═══ Provided records

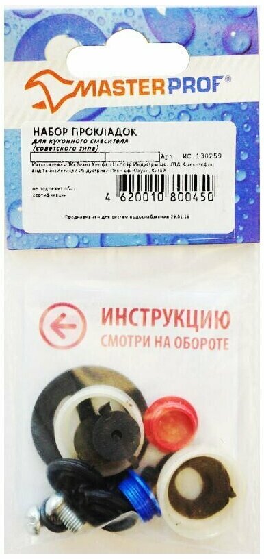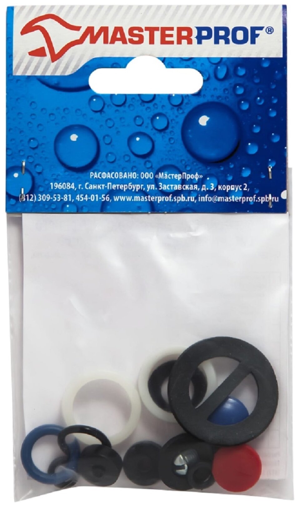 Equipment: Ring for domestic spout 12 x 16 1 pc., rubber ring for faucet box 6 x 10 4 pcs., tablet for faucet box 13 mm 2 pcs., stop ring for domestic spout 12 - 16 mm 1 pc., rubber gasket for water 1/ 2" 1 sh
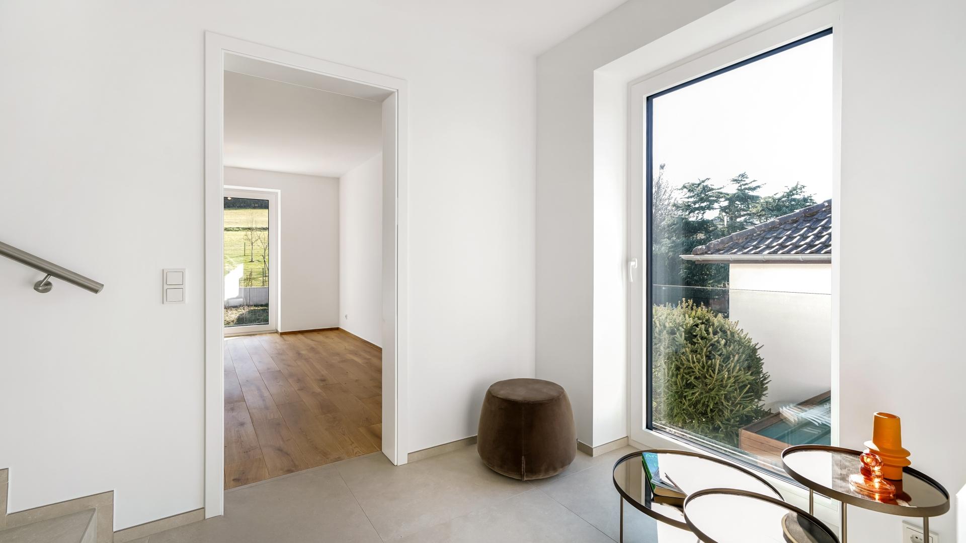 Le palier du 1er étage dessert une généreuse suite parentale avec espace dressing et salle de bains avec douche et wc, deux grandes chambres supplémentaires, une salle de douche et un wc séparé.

══════
═══ Provided records

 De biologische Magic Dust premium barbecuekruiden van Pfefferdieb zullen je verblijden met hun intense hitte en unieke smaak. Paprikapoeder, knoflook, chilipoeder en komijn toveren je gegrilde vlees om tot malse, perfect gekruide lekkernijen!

══════
═══ Provided records

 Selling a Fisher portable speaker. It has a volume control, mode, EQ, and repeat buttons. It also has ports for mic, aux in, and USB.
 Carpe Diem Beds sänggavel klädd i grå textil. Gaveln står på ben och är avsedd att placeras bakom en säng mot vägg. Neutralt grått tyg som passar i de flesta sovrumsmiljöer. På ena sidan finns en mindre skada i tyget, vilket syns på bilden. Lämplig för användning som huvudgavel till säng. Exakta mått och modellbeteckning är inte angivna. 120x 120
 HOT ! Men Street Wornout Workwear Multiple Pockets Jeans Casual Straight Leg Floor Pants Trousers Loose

══════

- **Directions for this task**: Copy only the lines above from the one containing "Equipment: Ring for" through the one containing "Le palier du", both included. Leave out the pictures.

- **Your solution**:
 Equipment: Ring for domestic spout 12 x 16 1 pc., rubber ring for faucet box 6 x 10 4 pcs., tablet for faucet box 13 mm 2 pcs., stop ring for domestic spout 12 - 16 mm 1 pc., rubber gasket for water 1/ 2" 1 sh
 Le palier du 1er étage dessert une généreuse suite parentale avec espace dressing et salle de bains avec douche et wc, deux grandes chambres supplémentaires, une salle de douche et un wc séparé.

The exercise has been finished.